** Task inputs **
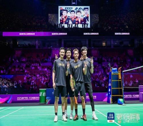 在延续赛场精彩之余,一系列充满情怀的互动环节更将现场气氛推向高潮。赛事次日,曾经的国羽男单林丹、鲍春来携手双打的“风云组合”蔡赟、傅海峰亮相,“国羽F4”惊喜合体,以一场别开生面的双打赛,唤醒一代球迷的青春记忆。
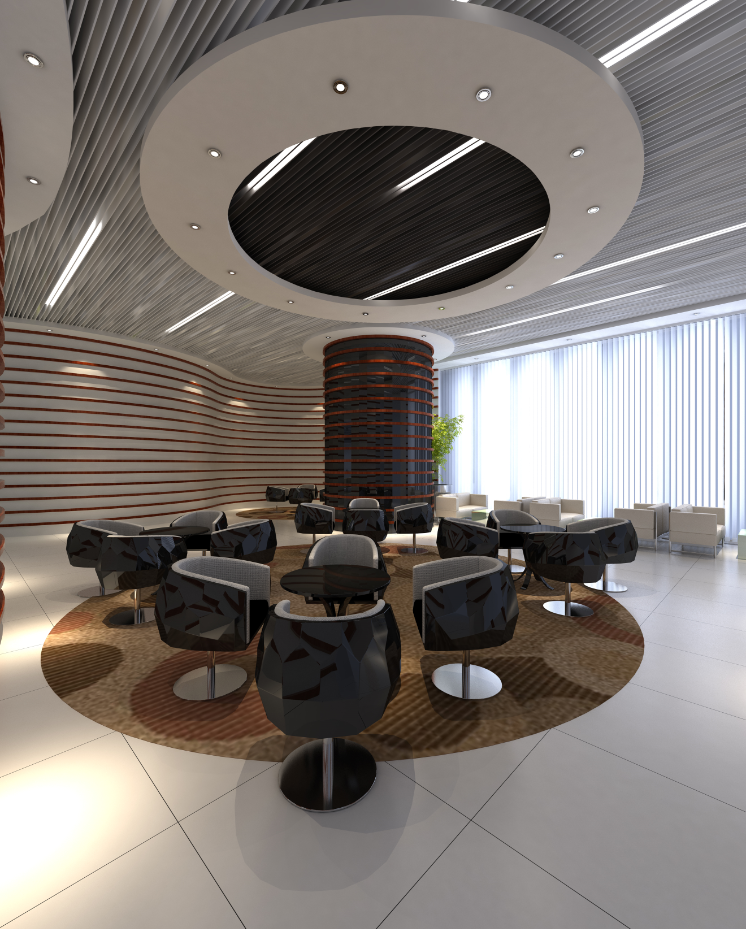 阳光透光窗户进入室内,将室内与室外连接在一起,这里给人的感觉就是自然、明亮、舒适,预示着企业的未来会越来越好,是一种美好的寓意。
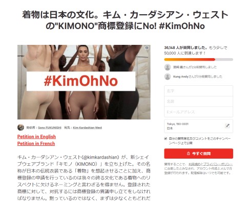 署名サイトChange.orgでは26日にカーダシアンさんにあてた署名「着物は日本の文化。キム・カーダシアン・ウェストの"KIMONO"商標登録にNo!」が立ち上げられました。ブランド名が日本の伝統衣装である「着物」を想起させること、商標登録の申請を行っていることに「我々の誇る文化である着物へのリスペクトに欠けるネーミングと言わざるを得ません」と抗議し、海外からの支持者も含め3万5000人の賛同を集めています。
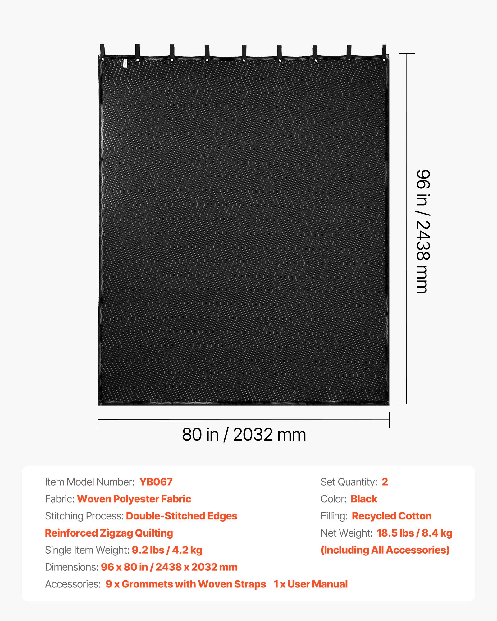 Dimenzije: 96 x 80 inča / 2438 x 2032 mm, Neto težina: 18,5 lbs / 8,4 kg (uključujući sav pribor), Količina u setu: 2, Boja: Crna, Broj modela artikla: YB067, Punjenje: Pamuk, Pojedinačna težina: 9,2 lbs / 4,2 kg, Tkanina: Tkana poliesterska tkanina, Postupak šivanja: Dvostruko prošiveni rubovi, ojačano cik-cak prošivanje
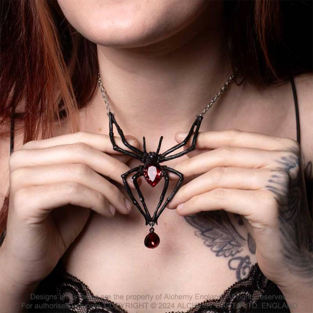 • A giant spider necklace in blackened pewter set with red Austrian crystals.
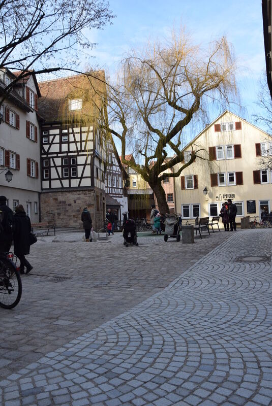 Neu gepflastert, mit Bänken und Spiel-Möglichkeiten: Der kleine Platz in der Metzgergasse. 1 200 Unterzeichner hatten sich gegen die Umgestaltung ausgesprochen. Bei einer repräsentativen Umfrage war die Mehrheit jedoch dafür. FOTO: KREIBICH
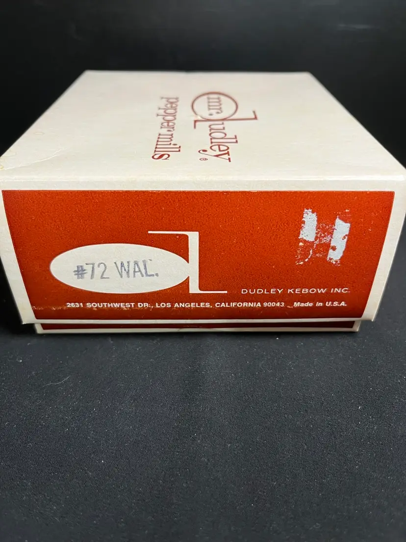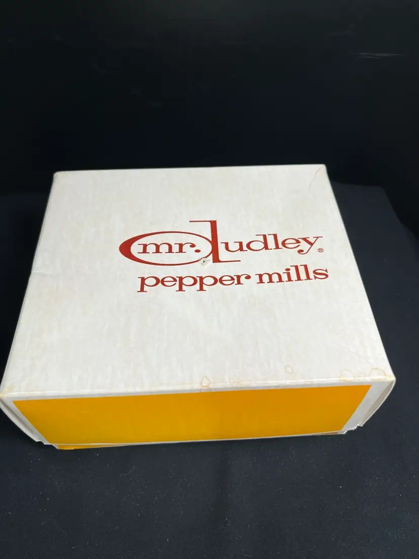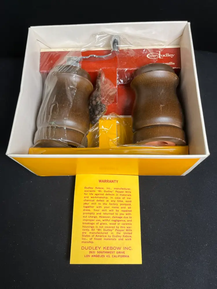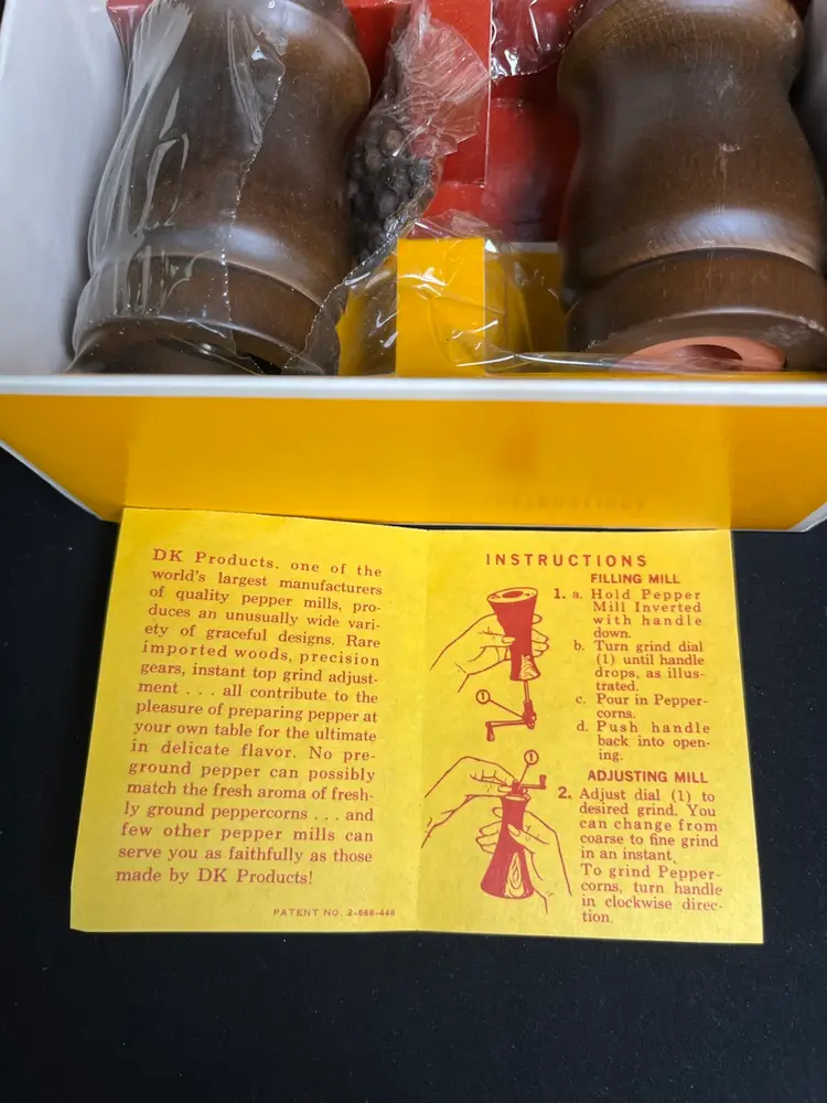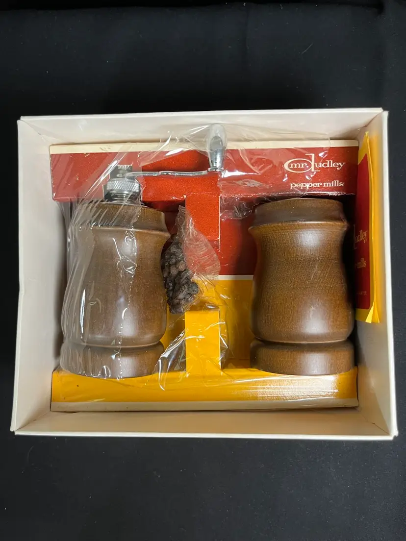 Rubber stopper on salt is hardened related to age. Are in new condition. Box measures 5" x 6", Salt shaker is approx 3"H, 2" W, pepper mill is approx 4.5" H, 2.75" W, 10.7 Oz
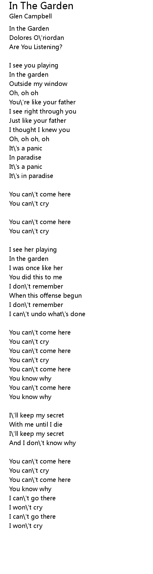 | Song | In The Garden |
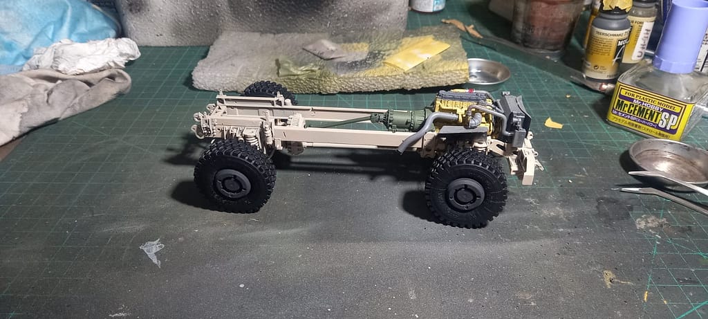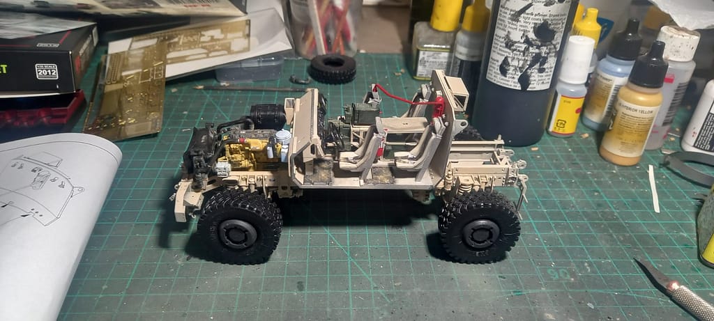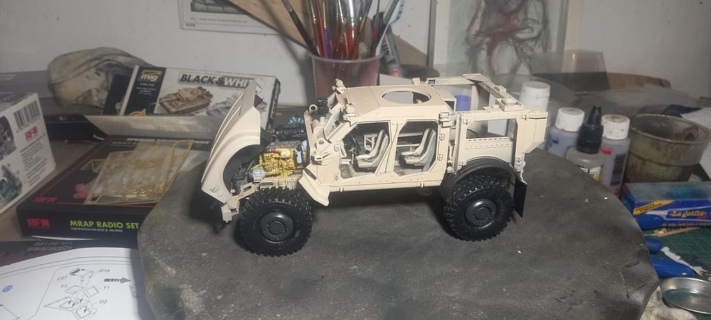El esquema elegido es el clásico color arena de vehículos desplegados en zonas desérticas. Se utilizó el tono “US Modern Vehicle” de AMMO Mig Jiménez (MIG025), aplicado mayormente con aerógrafo.

** Assigned task **
After dropping the pictures, reproduce exactly the lines from the first line of the entries through the line containing "阳光透光窗户进入室内,将室内", both included.

** Solution to the exercise **
 在延续赛场精彩之余,一系列充满情怀的互动环节更将现场气氛推向高潮。赛事次日,曾经的国羽男单林丹、鲍春来携手双打的“风云组合”蔡赟、傅海峰亮相,“国羽F4”惊喜合体,以一场别开生面的双打赛,唤醒一代球迷的青春记忆。
 阳光透光窗户进入室内,将室内与室外连接在一起,这里给人的感觉就是自然、明亮、舒适,预示着企业的未来会越来越好,是一种美好的寓意。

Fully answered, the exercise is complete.